It is now official: every animal involved or committed to giving you an English breakfast is (or has been) implicated at one time or another in the last decade with a pandemic-threatening disease. First we had the bovine spongiform encelopathy, known commonly as the mad cow disease. Beef based bangers and steak exited from the scene and the breakfast was reduced to simple eggs and bacon. The conspiracy did not stop there – 2003 brought us severe acute respiratory syndrome or SARS.

You did not need two adjectives to know that the chicken thing was bad. Whether you liked them sunny-side up, twice fried or poached, even the eggs had to exit the scenario for a little time and the pretty contribution of the sweet two legged suppliers of a staple protein diet had to be cautiously avoided. Now we have the pigs spitting in the face of Orwell and his Animal Farm. I wonder what Napoleon (the pig, not the frog) would make of this indiscriminate virus that knows no preference between the porkies and homo sapiens. “Four legs good, two legs suit me fine” must be the motto of the virus strain of the type H1N1.

So you see – even your bacon ain’t safe. Or at least it would not be if there were any danger that you could get this virus from food. It would be easier to contain it if were so, but instead this virus is as slyly adaptable as a PLPN electoral unit and does not go for an attack through ingestion. What our swine influenza virus (although you cannot call it that anymore thanks to WHO) favours are epithelial cells in your nose, throat and lungs. Hence the bastard, like an expat’s vote, travels via the air that you breathe. In short you can only hope that no ill wind is blowing in your direction.

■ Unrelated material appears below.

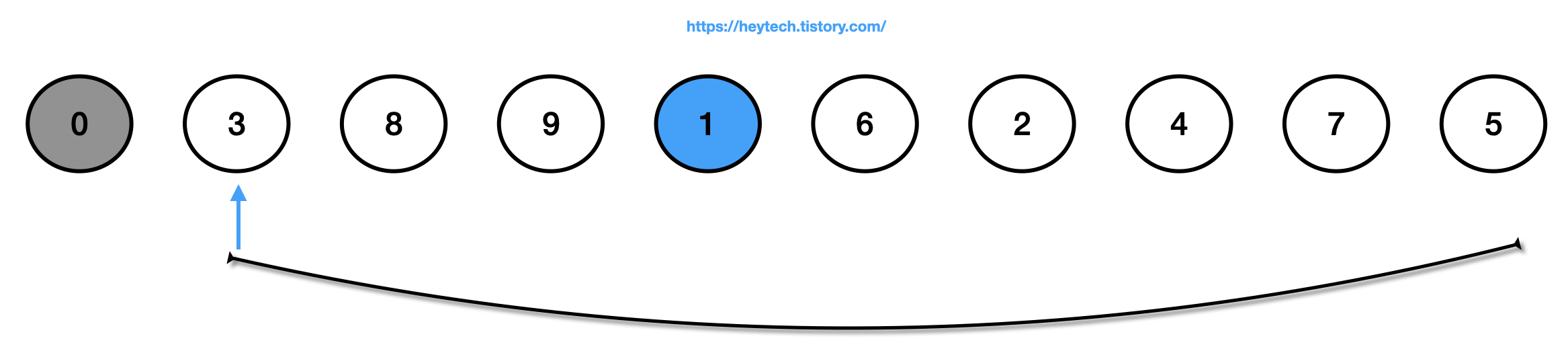 편의상 정렬되지 않은 데이터 중에서 가장 작은 값을 파란색으로, 정렬된 데이터는 회색으로 표현하겠습니다. 추가로 가장 작은 값과 자리를 변경할 데이터를 파란색 화살표로 표시하겠습니다.

But despair not. Foodwise, carnivores are still left with panoply of flesh with which to make a feast. First and foremost come our woolly friends baa-baaing away with wanton abandon. Hooray for sheep and hooray for lamb. Don’t forget the ever so friendly and non-influenza carrying turkeys and boars and deer. Above all, don’t forget that even pork itself is not dangerous and that if well cooked it can still form part of a scrumptious carnivorous diet (especially when marinated in honey, pineapple juice, soy sauce and ginger).

Malthus

Thanks to H1N1, the ghost of Malthus is back. Malthus was a British (obviously) clergyman who produced some very important work on political economy and demography. Population, according to Malthus, would increase geometrically (there’s Euclid again) while subsistence will only increase arithmetically. That “only” in that phrase cannot be good. Every now and then the earth’s population threatens to grow too much and cannot be sustained.

In the words of the black poet turned white, “It don’t matter if you are black or white” (or yellow, café latté or grey as in my case) – when the limit for world sustenance is reached then we are in real “do-do hitting the rotor blades of a cooling mechanism” time. Thankfully, Mother Earth has proven time and again that she is fully capable of coming up with self-regulatory mechanisms in order to keep the population of some rather persistent species in check. Theories abound about how this could be behind a possible explanation of how the “saurs” of the world disappeared to make way for us.

Malthusian theory crosses paths with the Darwinian “the strongest survive” theory, and that brings us to an explanation of how humanity has to cope with anything from natural disasters of the geophysical kind to the epidemic of pandemics. Hopefully, we are done with the dumbass self-regulating mechanisms of the Hitlerian sort (though as a whole humanity does exhibit a crassly ignorant habit of persisting in repeating stupidities of its past).

Tamiflu

Then again the appearance of TVFKASI (the virus formerly known as swine influenza) might have nothing to do with the self-regulatory dynamics of Gaia (that’s Mother Earth to you) but rather with another much less noble and natural cause. Some (and there are always a “some” of this kind) are speculating that the whole kerfuffle regarding TVFKASI is none other than an international conspiracy by powerful drug companies eager to sell off their stocks of flu medicines. Apparently, all the useless flu jabs at the start of winter were not getting a sufficient enough turnover, so the companies created a whole hullabaloo about an exotic virus in order to get governments like the UK to stock up on loads of pills.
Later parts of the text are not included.